The Department of Biotechnology (DBT) has sanctioned the project, ‘Cataloguing the Genetic Variation in Indians’ for a period of 3 years to 20 institutions from varied disciplines across the country
By: HBI Desk
The human genome project was first launched in the 1990s with the aim of sequencing the entire human genome. A genome is the entire genetic material of an organism. It contains all the information needed to build and maintain that organism.
By sequencing the genome, researchers can discover the functions of genes and identify which of them are critical for life. The entire sequence published so far has revealed that there are about 20,500 human genes. This sequencing has found its application in many fields including molecular medicine and human evolution. Various new treatment options can be explored by sequencing the genome of viruses. Targeted therapy can be adapted for cancer treatment by identifying mutations related to different types of cancer.
Several countries have embarked on mapping the genetic mark up of their own population to better understand disease profiles. These countries include: USA, UK, China, Japan, Australia, France, Dubai, Netherlands, Finland, Germany, Turkey, Estonia, Singapore and Saudi Arabia. Indians have also participated as a community in the genome initiatives of these countries. The UK undertook the sequencing of 100,000 whole genomes of patients suffering from cancer and rare diseases and later the project was extended to 1 million.
The Department of Biotechnology (DBT) has sanctioned the project, ‘Cataloguing the Genetic Variation in Indians’ for a period of 3 years to 20 institutions from varied disciplines across the country. Under Genome India, the whole genome sequencing has just started and will help researchers get closer to developing effective therapies for treating diseases such as cancer.
In the first phase of the initiative, the genomic data of 10,000 Indians will be catalogued. The information generated can facilitate future human genetics research with greater precision, and to design a genome-wide association array for the Indian population to develop precision healthcare and diagnostics for major diseases at affordable costs.
This is going to be transformational for healthcare because these days disease management is all about data. For new advancements in medical science like predictive diagnosis and precision medicine, genomic information is key and the backbone. The DBT will build on its own experience of genomic cataloguing and rope in 22 partner organisations including public health institutions that have obtained regulatory ethical clearances.

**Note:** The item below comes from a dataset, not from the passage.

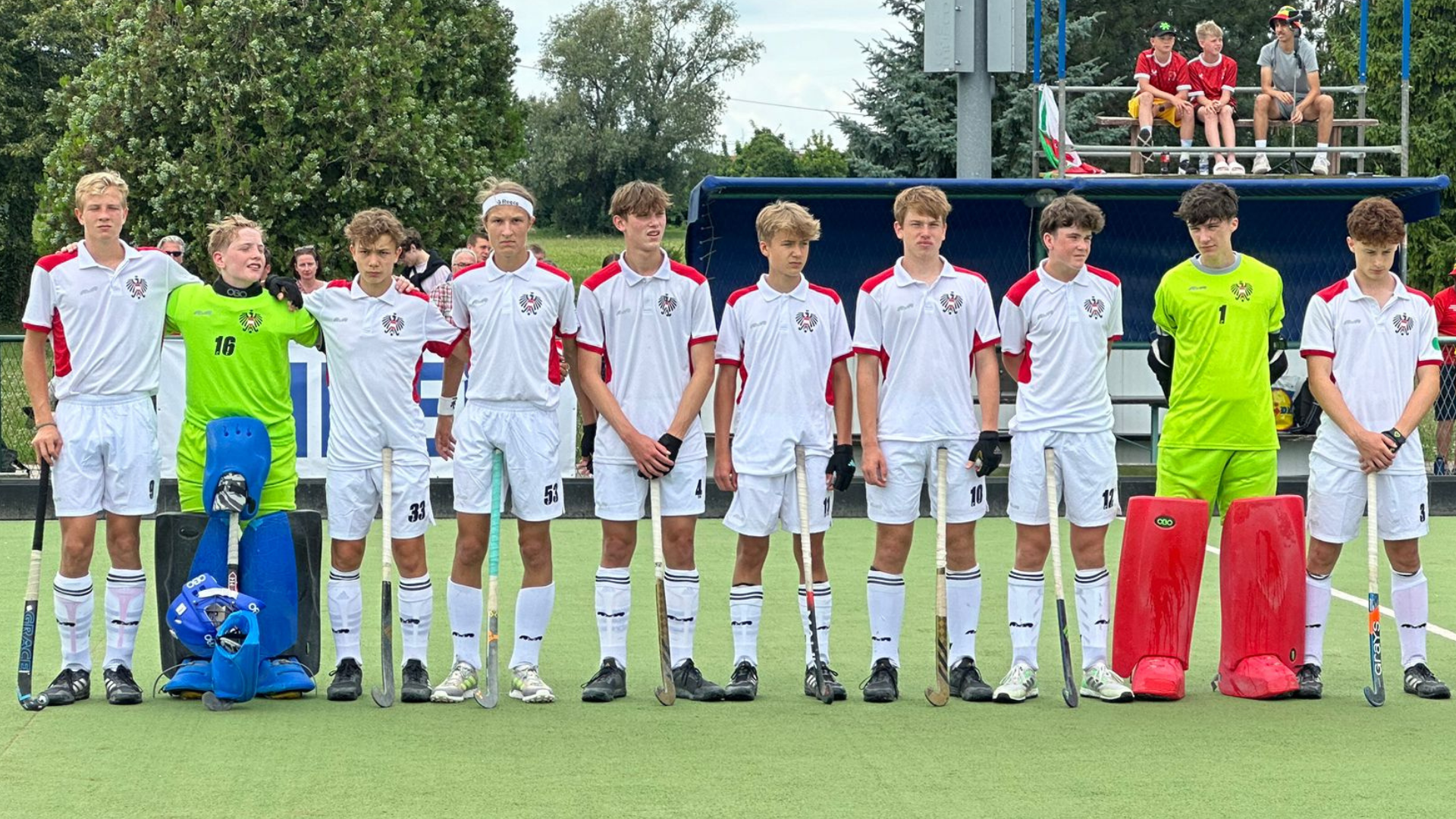 Die Österreicher setzen gleich in den ersten beiden Minuten ein deutliches Ausrufezeichen und knallen zwei Mal kurz hintereinander den Ball direkt unter die Latte. Ein Auftakt nach Maß und es geht in einer ähnlichen Tonart weiter. Die österreichischen Burschen sind körperlich, technisch und taktisch einfach besser als der Gegner und spielen außerdem gut zusammen.

Across the world, predictive diagnosis and precision medicine based on the genetic makeup of patients are emerging fields in the treatment of diseases such as cancer and other genetic disorders.
The DBT has worked in full swing with establishing diagnostic labs for genetic testing and counselling services and a programme to train clinicians to produce skilled personnel to set up more such labs. In addition, an outreach programme to provide genetic diagnosis and counselling to families affected by common genetic disorders in certain districts has been initiated.
However, there are concerns over the use of genetic data. According to a report, there are clear limits for how far the genomic data and the information derived from it should be used. While genetic engineering, use of genomic data to differentiate groups within society, and predictive insurance tests and targeted marketing are some of the red lines raised, a robust governance framework and consent process in place that makes clear the intended use of data collected are the assurances that the participants were seeking.
The rules and regulations formulated by the Government of India will govern the data security and sharing measures for this project. The personal information of all individuals willing to participate in the study is stripped off from any further records in this project. This process of de-identification ensures that the personal information of the participants is not compromised. In addition, data security and protection is maintained by adhering to strict ethical measures.
The human genome mapping project
is the first time that such a large sample of Indians will be recruited for a
detailed study and sought to include representatives from every State and
divers ethnicities. The mapping and understanding of the human genome has tremendous
applications in understanding not only the genetic origins of the different
ethnic groups but would lead to an increased understanding of the genetic
disease burden which would help in the development of personalised medicine.